Start of Records provided

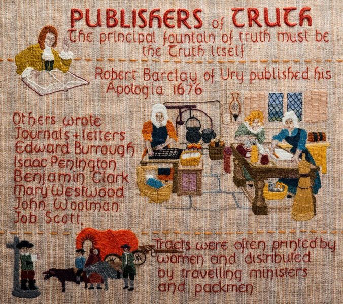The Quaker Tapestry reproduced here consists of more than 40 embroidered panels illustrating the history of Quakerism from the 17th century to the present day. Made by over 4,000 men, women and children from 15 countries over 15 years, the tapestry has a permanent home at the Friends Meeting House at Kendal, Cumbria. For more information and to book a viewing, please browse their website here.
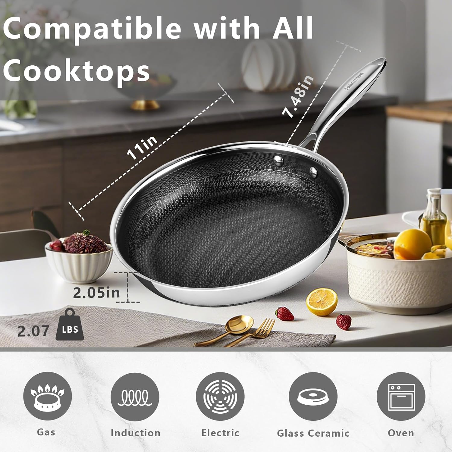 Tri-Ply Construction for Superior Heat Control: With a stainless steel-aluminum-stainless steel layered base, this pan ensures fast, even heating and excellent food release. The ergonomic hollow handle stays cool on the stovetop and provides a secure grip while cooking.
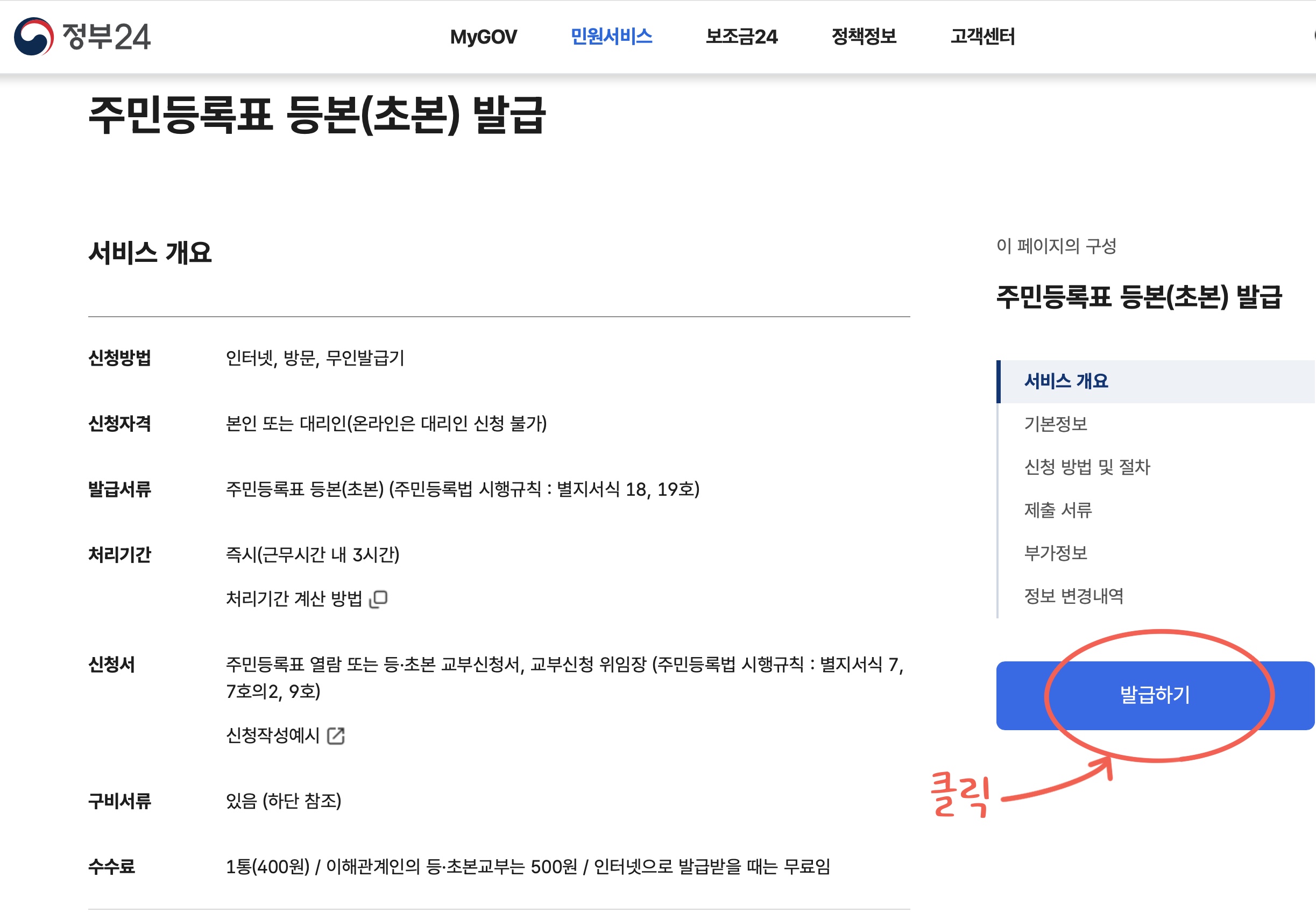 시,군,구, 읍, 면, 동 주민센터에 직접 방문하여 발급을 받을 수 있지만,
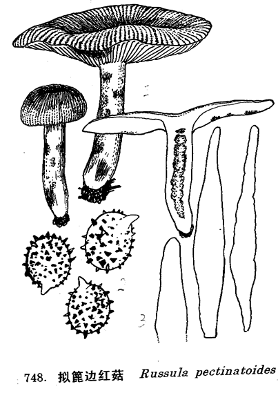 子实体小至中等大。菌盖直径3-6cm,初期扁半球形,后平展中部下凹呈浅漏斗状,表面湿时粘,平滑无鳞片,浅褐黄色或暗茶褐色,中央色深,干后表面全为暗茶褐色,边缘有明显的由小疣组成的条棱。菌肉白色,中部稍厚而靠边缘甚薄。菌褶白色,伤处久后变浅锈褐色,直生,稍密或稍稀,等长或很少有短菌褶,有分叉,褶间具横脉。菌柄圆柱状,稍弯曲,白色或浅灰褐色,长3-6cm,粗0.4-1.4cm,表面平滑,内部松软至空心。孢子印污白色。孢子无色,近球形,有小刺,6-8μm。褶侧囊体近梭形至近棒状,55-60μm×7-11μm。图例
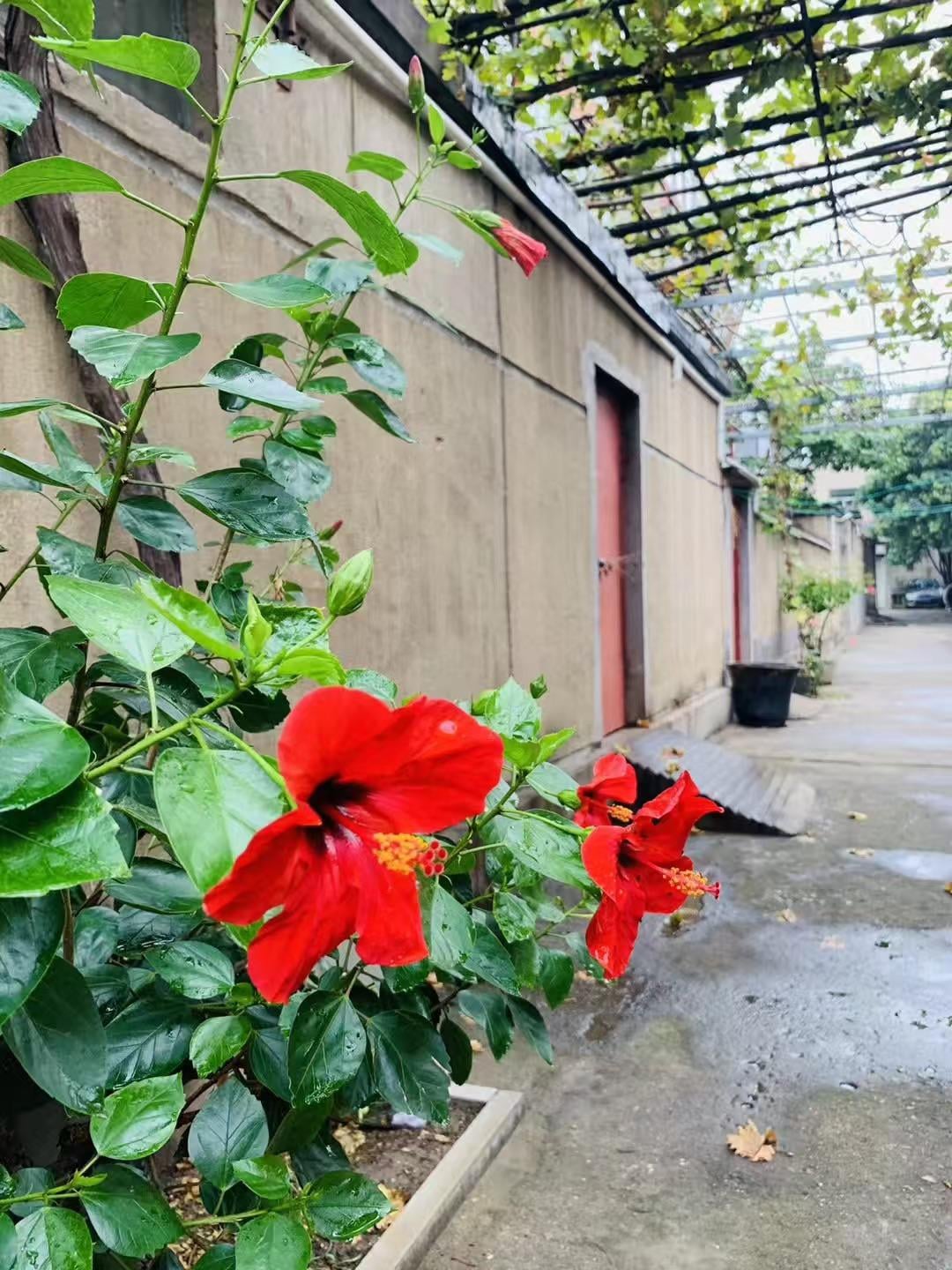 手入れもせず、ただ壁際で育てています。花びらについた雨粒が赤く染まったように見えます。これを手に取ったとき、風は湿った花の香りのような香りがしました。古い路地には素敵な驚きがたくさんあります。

End of Records provided
Start of Records provided

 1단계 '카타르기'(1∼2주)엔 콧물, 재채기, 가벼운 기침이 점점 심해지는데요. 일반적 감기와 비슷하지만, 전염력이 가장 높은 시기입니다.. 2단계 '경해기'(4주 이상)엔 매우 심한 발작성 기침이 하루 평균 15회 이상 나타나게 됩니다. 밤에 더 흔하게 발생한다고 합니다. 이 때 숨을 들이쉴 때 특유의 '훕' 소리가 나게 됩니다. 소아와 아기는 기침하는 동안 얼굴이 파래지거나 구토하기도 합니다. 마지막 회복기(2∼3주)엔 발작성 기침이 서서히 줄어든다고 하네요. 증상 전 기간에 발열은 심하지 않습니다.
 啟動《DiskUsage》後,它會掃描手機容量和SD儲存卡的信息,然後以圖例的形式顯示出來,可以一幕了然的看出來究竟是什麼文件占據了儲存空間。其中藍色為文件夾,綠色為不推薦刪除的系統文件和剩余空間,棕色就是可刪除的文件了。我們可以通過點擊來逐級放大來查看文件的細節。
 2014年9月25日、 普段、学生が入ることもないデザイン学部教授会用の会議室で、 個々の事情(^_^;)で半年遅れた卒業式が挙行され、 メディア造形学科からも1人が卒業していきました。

End of Records provided

--- Task objective ---
Transcribe, word for word, the lines of the listing above from the one that contains "Tri-Ply Construction for" through the one that contains "手入れもせず、ただ壁際で育て", keeping both ends and dropping the pictures.

--- Reply to the task ---
 Tri-Ply Construction for Superior Heat Control: With a stainless steel-aluminum-stainless steel layered base, this pan ensures fast, even heating and excellent food release. The ergonomic hollow handle stays cool on the stovetop and provides a secure grip while cooking.
 시,군,구, 읍, 면, 동 주민센터에 직접 방문하여 발급을 받을 수 있지만,
 子实体小至中等大。菌盖直径3-6cm,初期扁半球形,后平展中部下凹呈浅漏斗状,表面湿时粘,平滑无鳞片,浅褐黄色或暗茶褐色,中央色深,干后表面全为暗茶褐色,边缘有明显的由小疣组成的条棱。菌肉白色,中部稍厚而靠边缘甚薄。菌褶白色,伤处久后变浅锈褐色,直生,稍密或稍稀,等长或很少有短菌褶,有分叉,褶间具横脉。菌柄圆柱状,稍弯曲,白色或浅灰褐色,长3-6cm,粗0.4-1.4cm,表面平滑,内部松软至空心。孢子印污白色。孢子无色,近球形,有小刺,6-8μm。褶侧囊体近梭形至近棒状,55-60μm×7-11μm。图例
 手入れもせず、ただ壁際で育てています。花びらについた雨粒が赤く染まったように見えます。これを手に取ったとき、風は湿った花の香りのような香りがしました。古い路地には素敵な驚きがたくさんあります。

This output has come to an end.